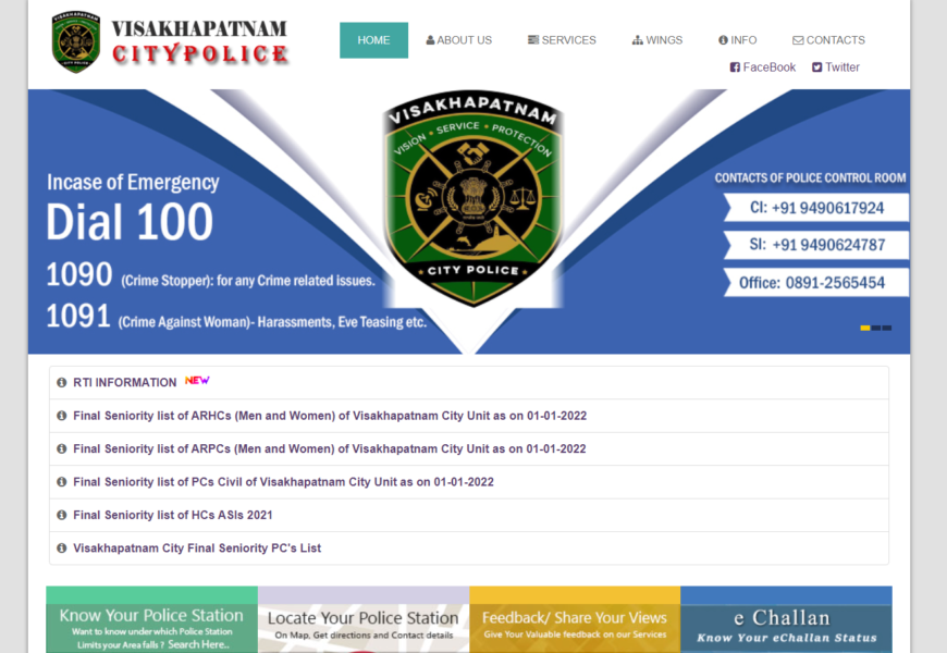 The Visakhapatnam City Police website serves as the primary digital platform for providing information and services related to law enforcement in Visakhapatnam (Vizag). It is designed to facilitate communication between the public and the police force, while promoting transparency, accountability, and improved law enforcement services.
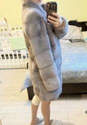 Шуба из норки, цвет дымчато‑голубой (серо‑сиреневый подтон). Характеристики: - Натуральный мех норки, поперечная раскладка пластин - Свободный силуэт до середины бедра - Объёмный капюшон - Застёжк...
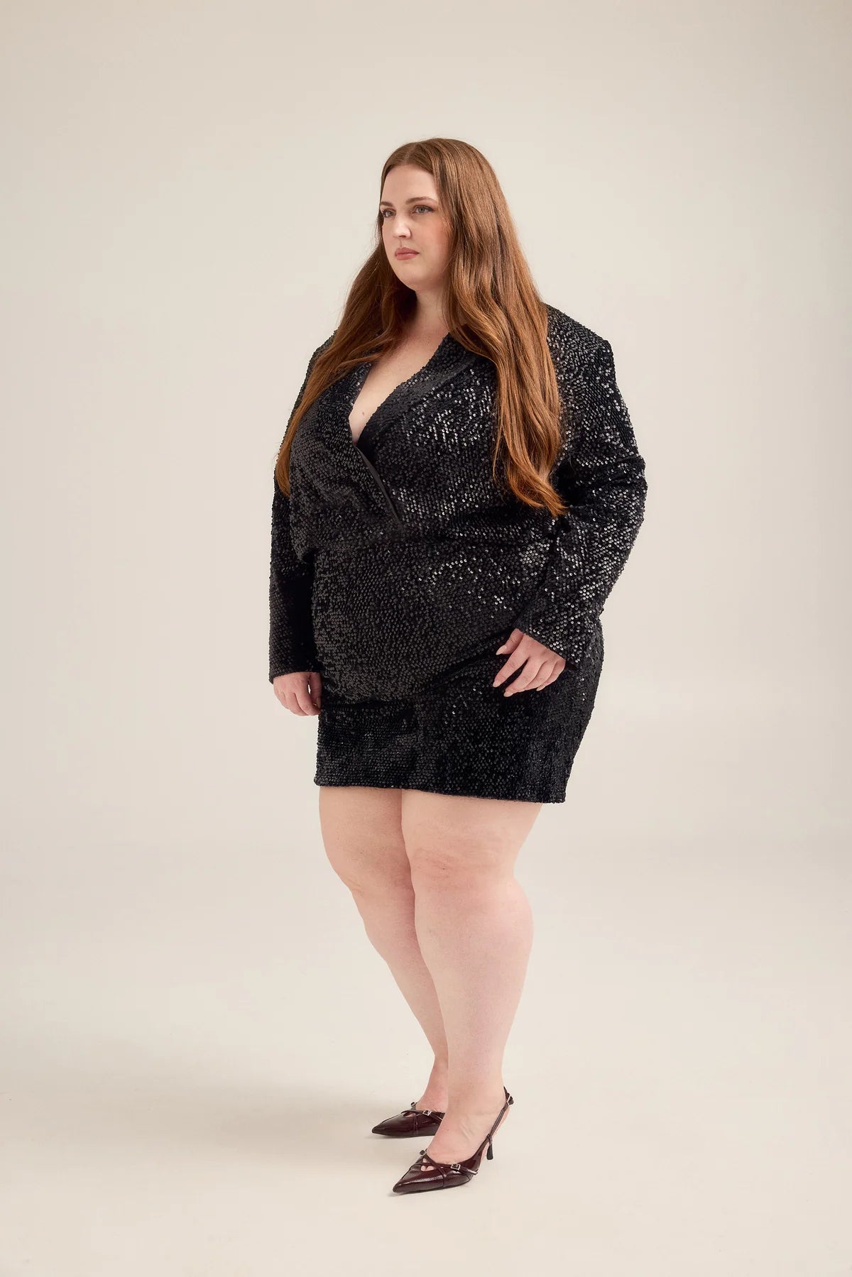 Short + Sweet, this sequin mini pairs perfectly back to the matching blazer or your favorite sweater for an effortless holiday and NYE look!
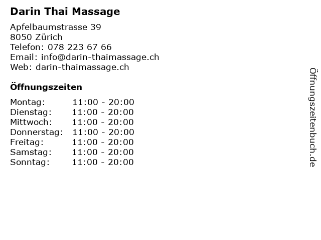 | Öffnungszeiten Darin Thai Massage in Zürich anzeigen | |
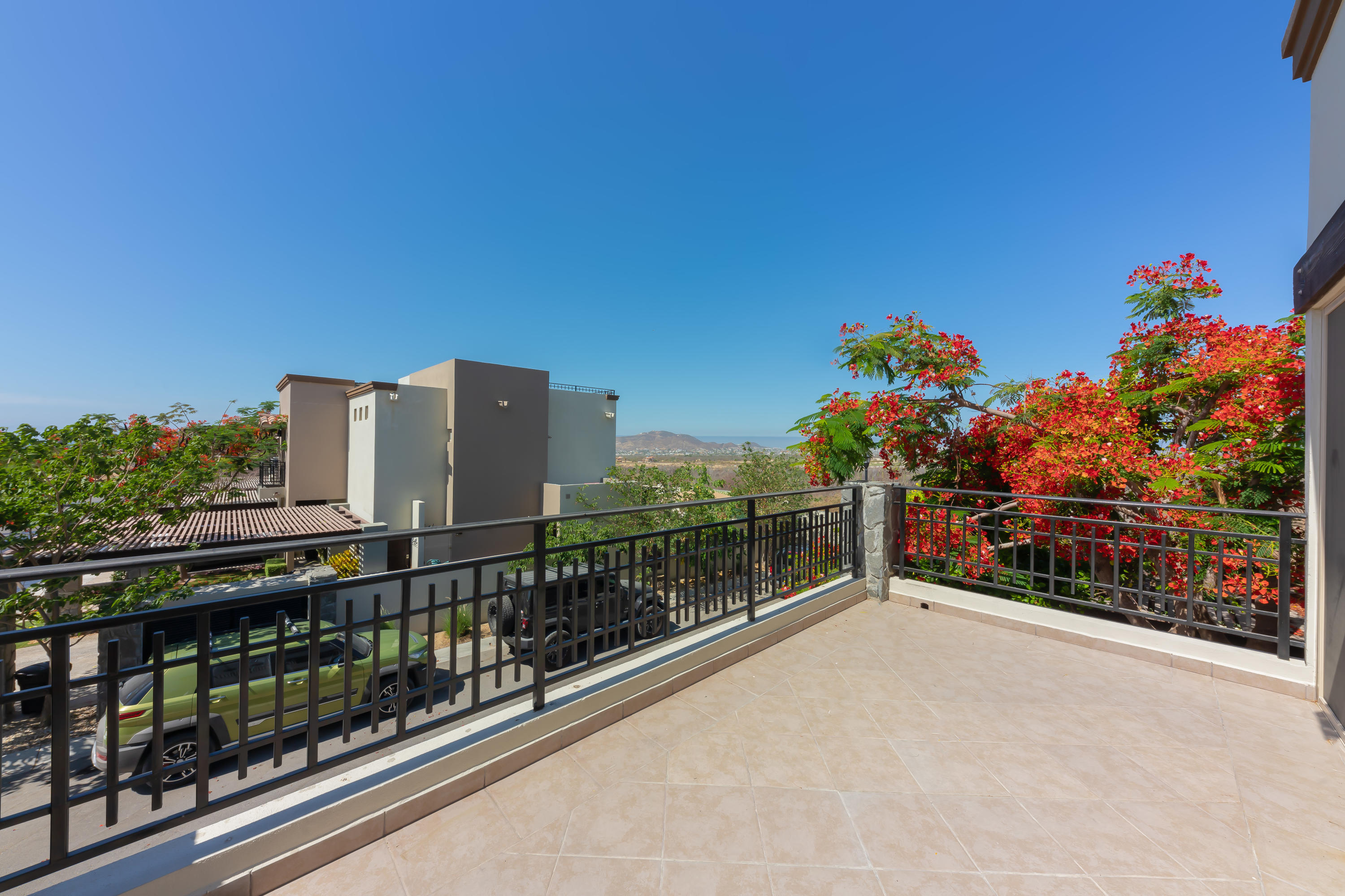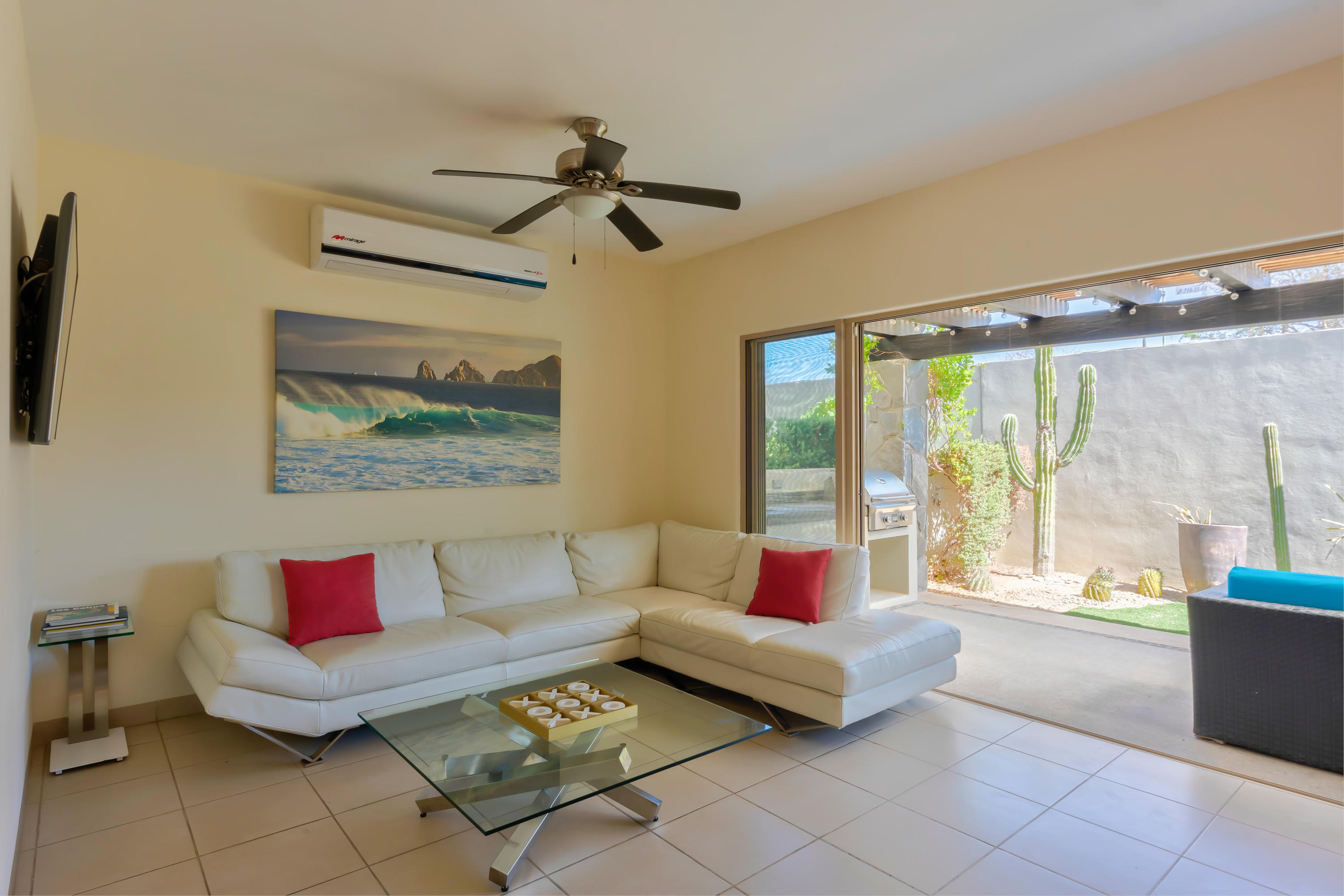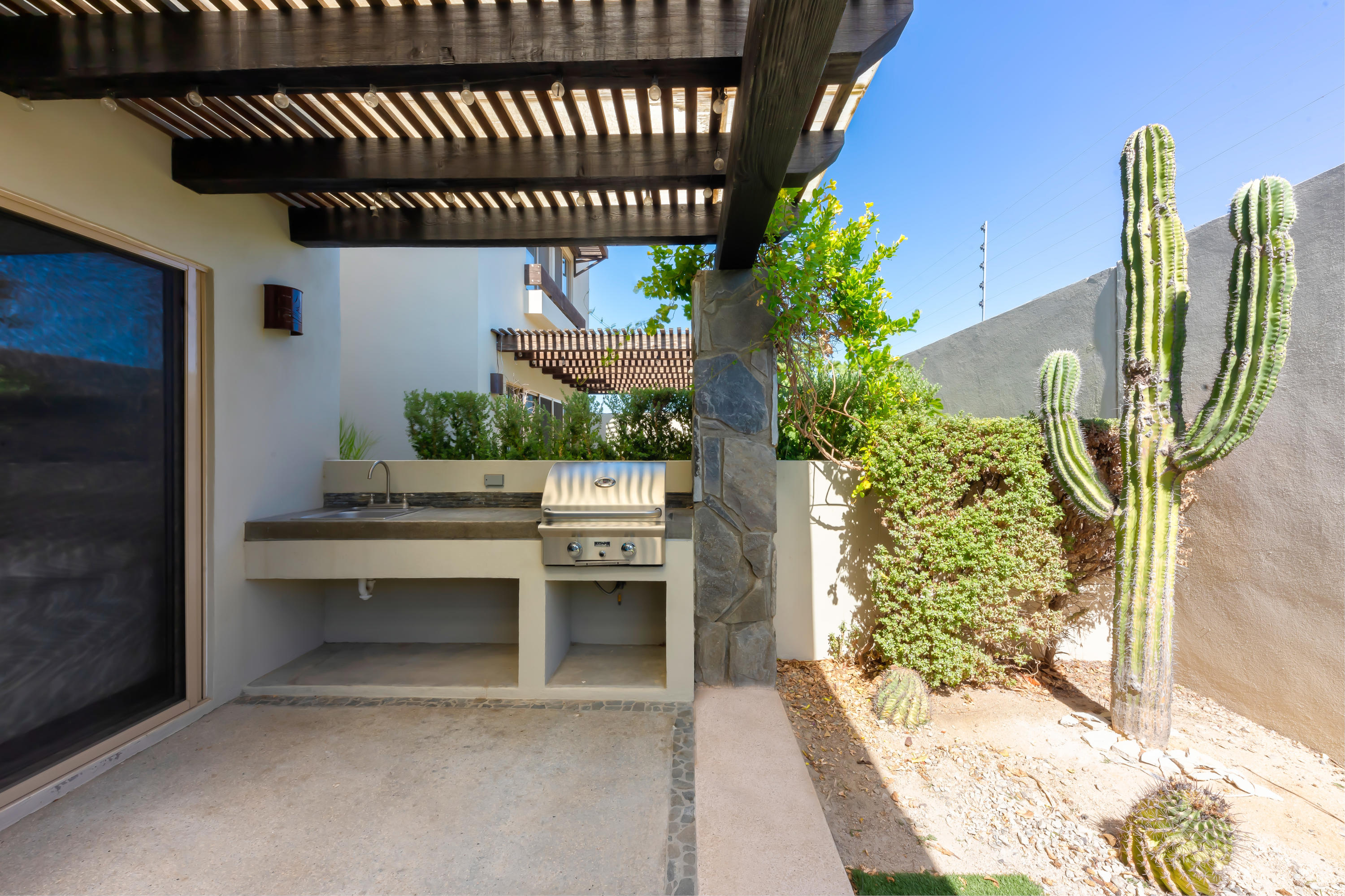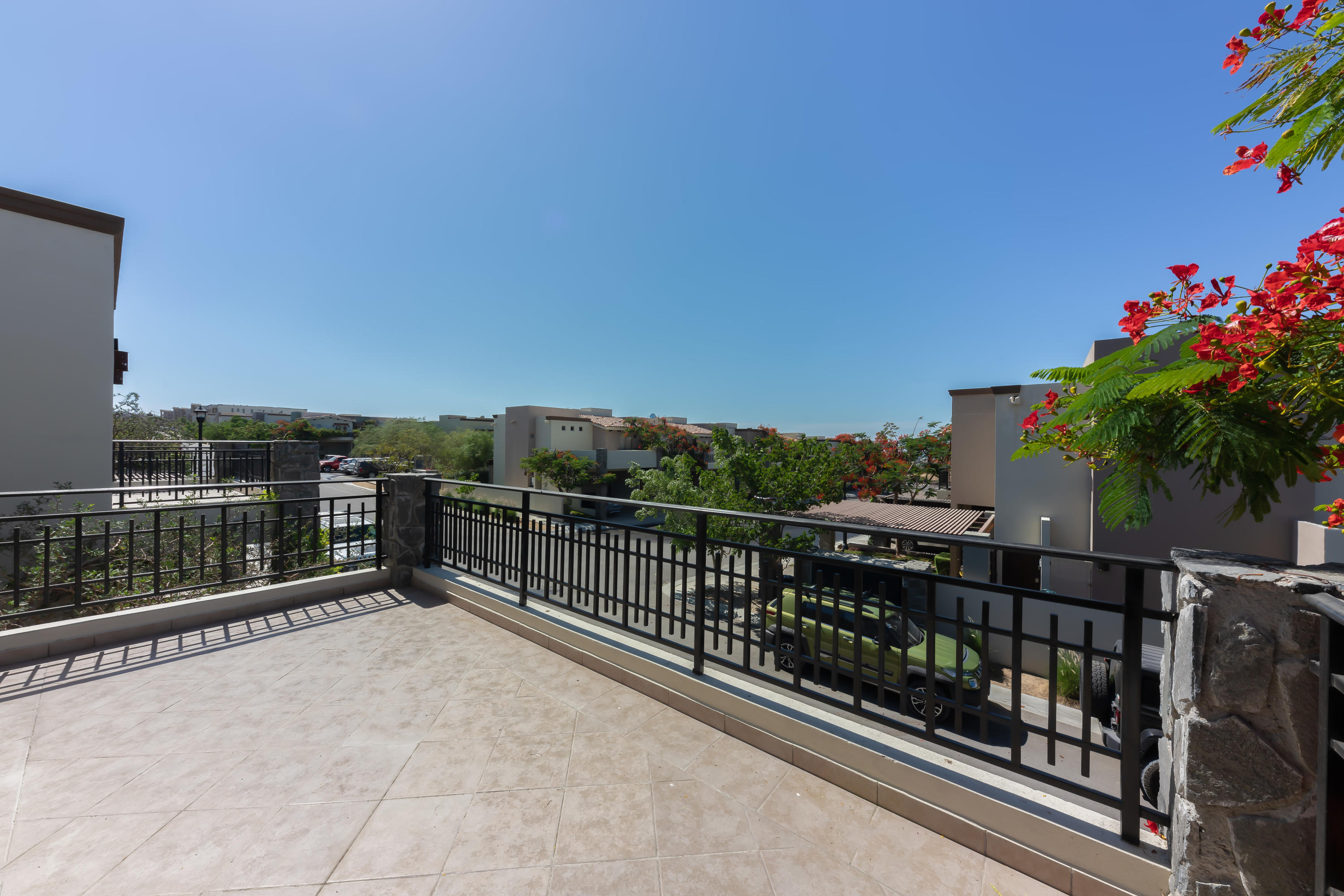 Beautifully appointed and furnished 3 Bedroom 2 1/2 Bath home in Cabo Del Mar. Upgraded cabinets, high end major appliances. Living room opens to splash pool and outdoor kitchen. Outside storage access from laundry room. Extended master bedroom with adjoining media room and patio. Large master bath and large closet. Remaining two bedrooms have terraces. Rooftop includes beautiful mountain views and ocean/arch views. Spectacular sunsets from the rooftop with outdoor kitchen and two separate seating areas. Outdoor fire pit included on the rooftop. Covered parking for two vehicles. Amenities: Pool, community center,Cabo del Mar School, kids parks, gym, 24/7 security and controlled access. Live and invest in one of Cabo’s most complete communities.

### [Task goal]
With the images omitted, output all entries exactly as given.

### [Answer to the exercise]
 The Visakhapatnam City Police website serves as the primary digital platform for providing information and services related to law enforcement in Visakhapatnam (Vizag). It is designed to facilitate communication between the public and the police force, while promoting transparency, accountability, and improved law enforcement services.
 Шуба из норки, цвет дымчато‑голубой (серо‑сиреневый подтон). Характеристики: - Натуральный мех норки, поперечная раскладка пластин - Свободный силуэт до середины бедра - Объёмный капюшон - Застёжк...
 Short + Sweet, this sequin mini pairs perfectly back to the matching blazer or your favorite sweater for an effortless holiday and NYE look!
 | Öffnungszeiten Darin Thai Massage in Zürich anzeigen | |
 Beautifully appointed and furnished 3 Bedroom 2 1/2 Bath home in Cabo Del Mar. Upgraded cabinets, high end major appliances. Living room opens to splash pool and outdoor kitchen. Outside storage access from laundry room. Extended master bedroom with adjoining media room and patio. Large master bath and large closet. Remaining two bedrooms have terraces. Rooftop includes beautiful mountain views and ocean/arch views. Spectacular sunsets from the rooftop with outdoor kitchen and two separate seating areas. Outdoor fire pit included on the rooftop. Covered parking for two vehicles. Amenities: Pool, community center,Cabo del Mar School, kids parks, gym, 24/7 security and controlled access. Live and invest in one of Cabo’s most complete communities.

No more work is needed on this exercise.